*AIM OF THE EXERCISE*: A verbatim copy of all the data is required; the pictures should not appear in it.

*INFORMATION SHOWN*:
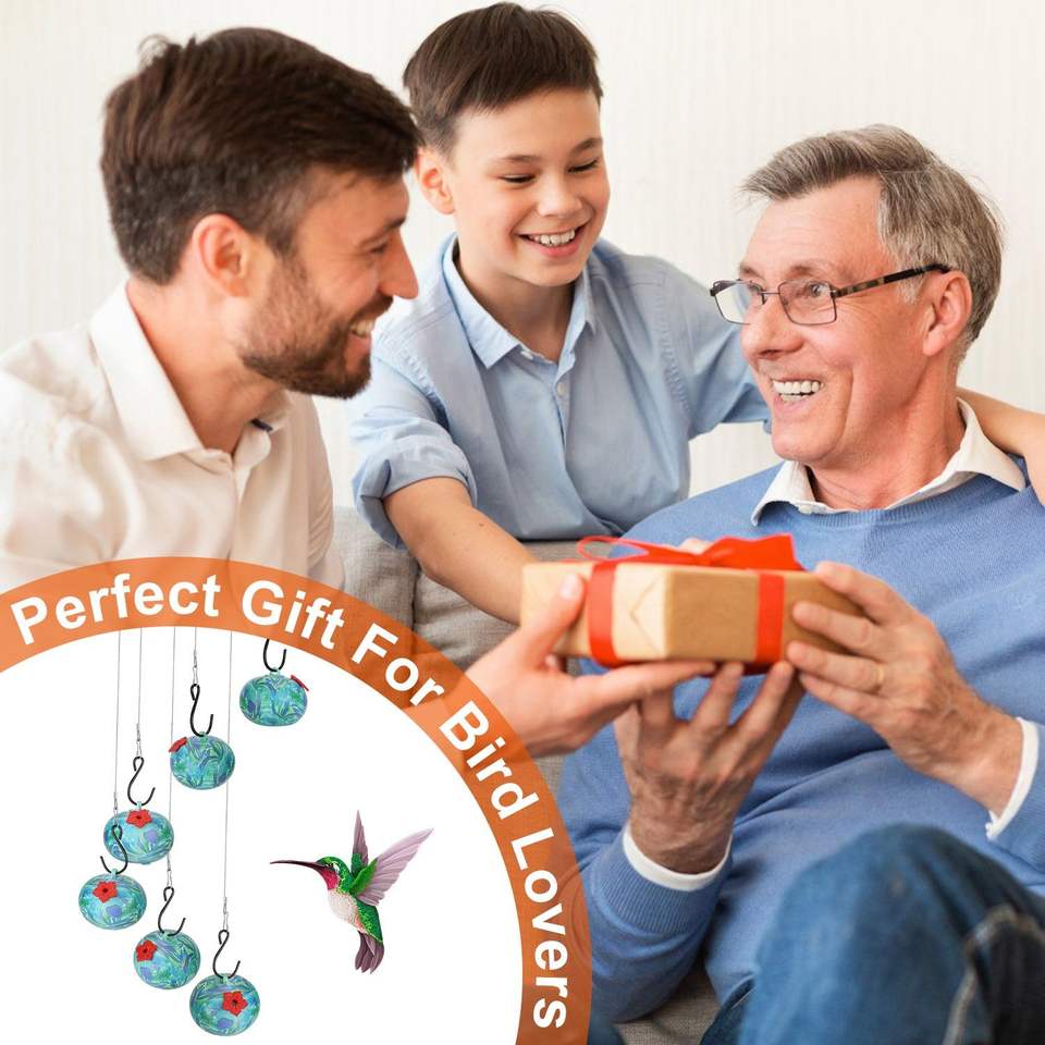 ที่ให้อาหารนกฮัมมิงเบิร์ดแบบแขวนกลางแจ้งพร้อมกระดิ่งลม ป้องกันมดและผึ้ง ตกแต่งสวนสวยสำหรับตกแต่งลานบ้านและสวนหลังบ้าน
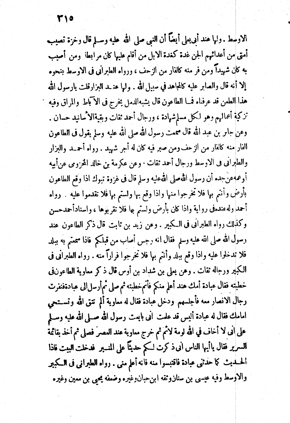3874 - وَعَنْ يَعْلَى بْنِ شَدَّادِ بْنِ أَوْسٍ قَالَ: ذَكَرَ مُعَاوِيَةُ الطَّاعُونَ فِي خُطْبَتِهِ فَقَالَ عُبَادَةُ: أُمُّكَ هِنْدٌ أَعْلَمُ مِنْكُمْ فَأَتَمَّ خُطْبَتَهُ ثُمَّ صَلَّى ثُمَّ أَرْسَلَ إِلَى عُبَادَةَ فَنَفَرَتْ رِجَالُ الْأَنْصَارِ مَعَهُ فَأَجْلَسَهُمْ وَدَخَلَ عُبَادَةُ فَقَالَ لَهُ مُعَاوِيَةُ: أَلَمْ تَتَّقِ اللَّهَ وَتَسْتَحِي إِمَامَكَ؟ فَقَالَ لَهُ عُبَادَةُ: أَلَيْسَ قَدْ عَلِمْتَ أَنِّي بَايَعْتُ رَسُولَ اللَّهِ - صَلَّى اللَّهُ عَلَيْهِ وَسَلَّمَ - عَلَى أَنِّي لَا أَخَافُ فِي اللَّهِ لَوْمَةَ لَائِمٍ ثُمَّ خَرَجَ مُعَاوِيَةُ عِنْدَ الْعَصْرِ فَصَلَّى ثُمَّ أَخَذَ بِقَائِمَةِ السَّرِيرِ فَقَالَ: يَا أَيُّهَا النَّاسُ إِنِّي ذَكَرْتُ لَكُمْ حَدِيثًا عَلَى الْمِنْبَرِ فَدَخَلْتُ الْبَيْتَ فَإِذَا الْحَدِيثُ كَمَا حَدَّثَنِي عُبَادَةُ فَاقْتَبِسُوا مِنْهُ فَإِنَّهُ أَعْلَمُ مِنِّي.
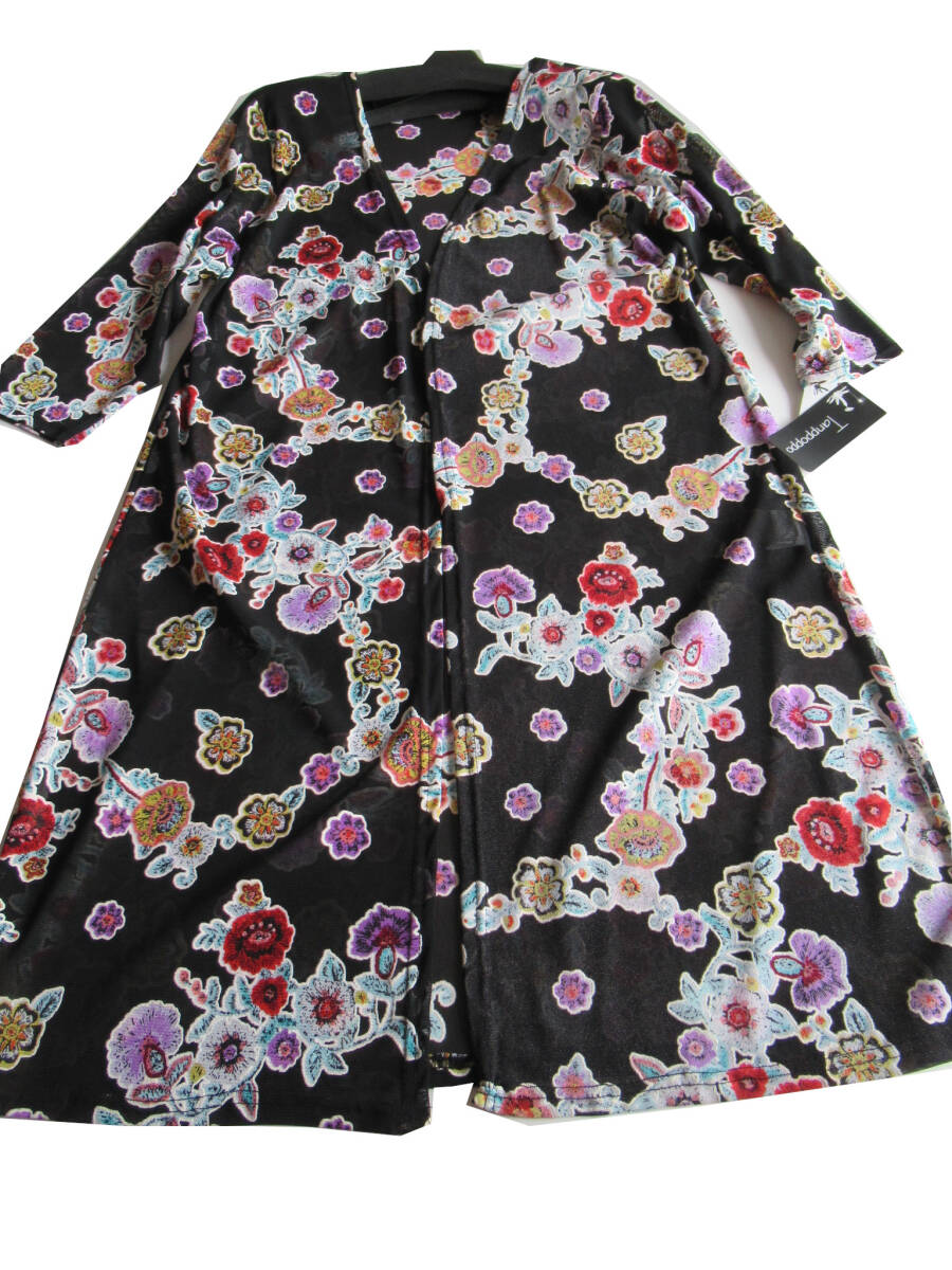 - レディース 春夏モデル Aライン5分袖ストレッチ花柄トッパー 特価セール ゆったりサイズ ブラック bj

*TASK RESPONSE*:
 ที่ให้อาหารนกฮัมมิงเบิร์ดแบบแขวนกลางแจ้งพร้อมกระดิ่งลม ป้องกันมดและผึ้ง ตกแต่งสวนสวยสำหรับตกแต่งลานบ้านและสวนหลังบ้าน
3874 - وَعَنْ يَعْلَى بْنِ شَدَّادِ بْنِ أَوْسٍ قَالَ: ذَكَرَ مُعَاوِيَةُ الطَّاعُونَ فِي خُطْبَتِهِ فَقَالَ عُبَادَةُ: أُمُّكَ هِنْدٌ أَعْلَمُ مِنْكُمْ فَأَتَمَّ خُطْبَتَهُ ثُمَّ صَلَّى ثُمَّ أَرْسَلَ إِلَى عُبَادَةَ فَنَفَرَتْ رِجَالُ الْأَنْصَارِ مَعَهُ فَأَجْلَسَهُمْ وَدَخَلَ عُبَادَةُ فَقَالَ لَهُ مُعَاوِيَةُ: أَلَمْ تَتَّقِ اللَّهَ وَتَسْتَحِي إِمَامَكَ؟ فَقَالَ لَهُ عُبَادَةُ: أَلَيْسَ قَدْ عَلِمْتَ أَنِّي بَايَعْتُ رَسُولَ اللَّهِ - صَلَّى اللَّهُ عَلَيْهِ وَسَلَّمَ - عَلَى أَنِّي لَا أَخَافُ فِي اللَّهِ لَوْمَةَ لَائِمٍ ثُمَّ خَرَجَ مُعَاوِيَةُ عِنْدَ الْعَصْرِ فَصَلَّى ثُمَّ أَخَذَ بِقَائِمَةِ السَّرِيرِ فَقَالَ: يَا أَيُّهَا النَّاسُ إِنِّي ذَكَرْتُ لَكُمْ حَدِيثًا عَلَى الْمِنْبَرِ فَدَخَلْتُ الْبَيْتَ فَإِذَا الْحَدِيثُ كَمَا حَدَّثَنِي عُبَادَةُ فَاقْتَبِسُوا مِنْهُ فَإِنَّهُ أَعْلَمُ مِنِّي.
 - レディース 春夏モデル Aライン5分袖ストレッチ花柄トッパー 特価セール ゆったりサイズ ブラック bj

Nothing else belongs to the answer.